You Can Now Use a Payment Plan for Your Botox


While that may prove useful for some, others are a bit skeptical of using a delayed payment option. “I think it can turn dicey very quickly,” says Natalie, who asked that we identify her by her first name only. “It’s very two-fold because it gives everyone the option to ‘afford’ it, but will it encourage your injector to suggest more treatments, more units, more products that aren’t needed?” Ben Paul, MD, a double-board certified plastic surgeon based in New York City, does not currently use payment plans – or at least, does not provide them proactively (his practice does accept credit cards). “A payment plan may open the door to plastic surgery for someone that could not otherwise afford a procedure,” says Dr. Paul. “[But] at the same time, a payment plan may create a situation where a patient falls into debt for an elective plastic surgery.” (Buy now, pay later programs have been “criticized for creating “phantom debt“and making it easier for consumers to overspend, especially those who are already “financially fragile.” Even if you’re not paying interest, the debt from BNPL could still affect your credit score.)

Speaking of plastic surgery, PatientFi has been around since 2017, offering financing for breast augmentations, liposuction, and the like. It wasn’t until the launch of PRIVI last year that aesthetic treatments like Botox and microneedling were eligible for financing. Because insurance can cover some plastic surgeries, payment is a little bit more complicated. Lucy, a 20-something based in Dallas, had thought about a breast reduction for years before talking to a surgeon. It was then that she learned that while breast reductions can be covered by insurance, these requirements are often very strict. (According to a 2023 statistical review, denial rates for breast reduction surgery range from 21% to 62% for private insurers.) Lucy, who asked that we identify her by her first name, was among the lucky ones approved right out of the gate: Her insurance covered 80% of her surgery. “I paid 20% out of pocket, which equated to about $3,000,” she says. “And I paid a hospital fee which was about $1,000.”
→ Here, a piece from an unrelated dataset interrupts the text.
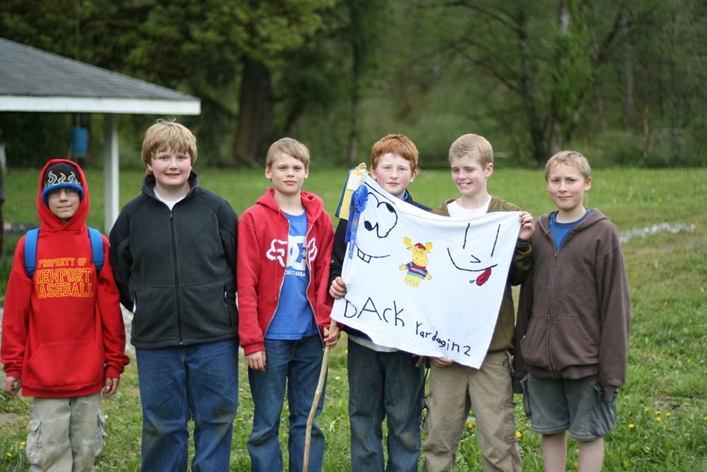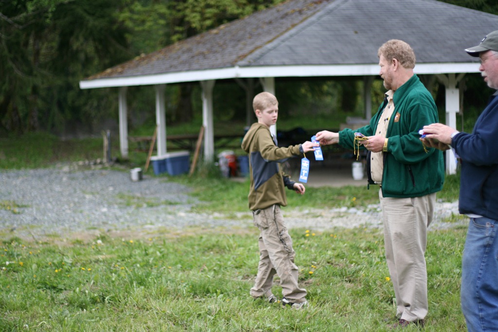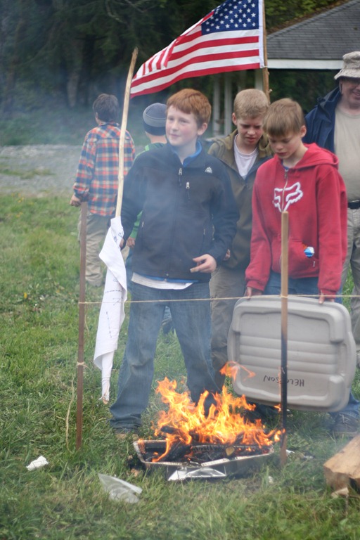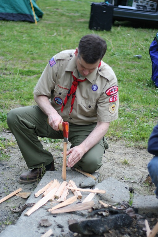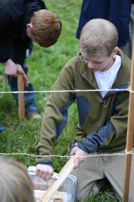 I had a few pictures that I thought were worth sharing – maybe some of them made it into the slide show. This was at a campout where we were learning how to build fires, and the first team to burn through the top string won.

Lucy used CareCredit for these expenses, a credit card for health and wellness procedures. It offers a variable rate based on your credit score, and is accepted at over 260,000 locations, including medical specialists and dental offices. “I paid for 20% of my surgery over six months through CareCredit with zero interest, which was the payment plan option my surgeon’s office recommended,” says Lucy. “If it had taken longer than six months, I would have incurred a high interest rate on the debt.” (CareCredit’s APR, or annual percentage rate, is around 29.99% after the interest-free period, but can be different pending a person’s credit score and other financial factors.) Beyond a high APR, prospective patients need to understand the inherent financial risks of delayed payments. According to a survey conducted by Lending Tree, currently 8% of those with “medical” debt say cosmetic surgeries or procedures were solely to blame.